Buffering issues addressed

  1. Overshoot (fixes Avoid reading beyond the IEND chunk #531): Standard BufReader can overshoot and read past the IEND chunk boundary. This fix is needed to support decoding concatenated images from a single stream (simulated in Skia's Codec_end test), where the stream must be left positioned exactly at the end of the first image's IEND chunk for subsequent decodes to work.
  2. Blocking reads from pipe-like inputs: When decoding PNGs from blocking, non-seekable inputs (like pipes), standard buffering (e.g., standard BufReader's 8KB refills) causes JNI/Skia layers to greedily request more bytes. Once the PNG data is fully consumed, the JNI loop calls read() again to satisfy the remaining buffer capacity, causing it to block indefinitely. This is highlighted by a timeout failure in AOSP CTS testDecodePngFromPipe test.

Seek vs limited reads approach

Although issue 1 (overshoot) could theoretically be resolved by seeking backward to the correct boundary after a read that's too wide, this approach does not seem adequate for issue 2 because pipes are not genuinely seekable.

The AOSP CTS test deadlock occurs because the main test thread retains an open reference to the pipe's writeFd even after the writeThread closes the FileOutputStream, preventing the pipe from naturally closing and returning EOF. Theoretically, we could fix the test by closing writeFd in the main thread, but that would only hide a deeper production issue: if a standard decoder eagerly over-reads on an open, blocking stream (where the writer remains alive), the read blocks the entire decode thread indefinitely even after the image has been fully received.

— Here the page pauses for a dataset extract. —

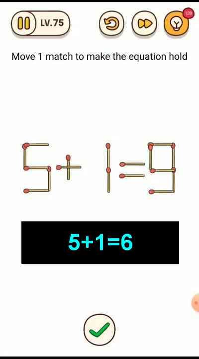 Move 1 match 5+1=9 to hold the equation true Brain find Level 75 Answer

To address both issues with a single solution, a limited buffering approach is implemented that limits reads at the dynamic state boundary, and the currently unused Seek bound is removed.

How it's achieved

  • Introduced a new public trait LimitBufRead that abstracts controlled buffering, replacing the generic BufRead bound on Decoder and Reader in a backwards-compatible manner. The trait is designed without sealed constraints to potentially be implementable by downstream callers (e.g., potentially a future SkStream integration).
  • Exposes LimitBufReader wrapper which restricts buffer refills to the bytes expected by the decoder state machine.
  • Added expected_read_limit to StreamingDecoder to calculate expected bytes dynamically.
  • Added regression tests in tests/limit_buf_read.rs verifying concatenated stream decodes and eager-buffered blocking source handling (via BlockOnLimit simulating blocking buffering wrappers).

Testing

To verify the correctness of the new LimitBufRead usage and LimitBufReader APIs, I have run all existing integration and unit tests by replacing the BufReaders with LimitBufReader, and wrapping the Cursors in LimitBufReader. All tests passed successfully.

Benchmarks

Additionally, I ran the decoder criterion benchmark suite across four distinct configurations to collect comparative metrics:

  1. Memory standard (Cursor<&[u8]>)
  2. Memory limit (Cursor<&[u8]> wrapped in a LimitBufReader)
  3. File standard (File wrapped in a BufReader)
  4. File limit (File wrapped in a LimitBufReader)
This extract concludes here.